Looks like I might try the Elixirs next time,a lot of raves here. I have been using D'Addario acoustic strings for years, so it might be a tough change. Stay away from Martin strings though. They just don't last and sound mushy very quickly.


----------



## Mooh (Mar 7, 2007)

dtsaudio said:


> Looks like I might try the Elixirs next time,a lot of raves here. I have been using D'Addario acoustic strings for years, so it might be a tough change. Stay away from Martin strings though. They just don't last and sound mushy very quickly.


Then try the D'Addario coated strings, EXP.

Peace, Mooh.


----------



## Bevo (Nov 24, 2006)

Good information.

I went with a standard guage set of some sort of strings which ended up being too tight, went to a light set of Elixers and found the tone was just as bright/loud as the heavy set.

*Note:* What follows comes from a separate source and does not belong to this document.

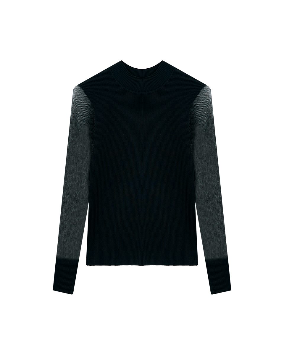 Suéter Negro Tejido Canalé Mangas Con Transparencia

How do you guys pull the string pins out, the cheap L&M string tool does not clamp on and lift them out very well.


----------



## Bruiser74 (Jan 29, 2010)

Using Ernie Ball Nickel on most electrics now, much better than the DM Blue Steels i used for years (break more and dull quickly).
D'Addario's are fine as well.
Use Dean Markley on my acoustic, nice a bright new but seem to dull fairly quick.


----------



## dtsaudio (Apr 15, 2009)

> Then try the D'Addario coated strings, EXP


Didn't know they made coated srtrings.
Thanks Mooh


----------



## Ship of fools (Nov 17, 2007)

Bevo if the string puller is not working its because A) you have pushed them down to far, the only need to be snug enough for the ball end to work
B) the holes have gotten to big and loose
C) the pins are the wrong size
Good hunting .ship


----------



## dino (Jan 6, 2009)

Elixirs for me. Nanoweb. I used them on all my high end guitars , Taylor , Takamine, Martins, Gibson J45 .... 12-53 size


----------



## pattste (Dec 30, 2007)

I have not experimented with acoustic guitar strings. My guitar came with Gibson Masterbuilt Premium 12s and I loved how they sounded together so I bought several sets and they're all she's ever known.

On electric however, I've had GHS (didn't work for me at all), Fender (used for many years), D'Addario XLs (didn't like the feel), Snake Oil Vintage (fabulous strings, owner sold direct and was difficult to deal with). Since I'm only playing Gibson guitars these days, I've settled on Gibson strings too (Brite Wire 10s on the Les Paul Standard and Vintage Reissue on the ES-335 Dot). Some say the Gibson plant shut down last year and they are made by D'Addario now, I've never seen any confirmation of that. They don't _feel_ like D'Addario strings to me so they may be made using a different formulation.


----------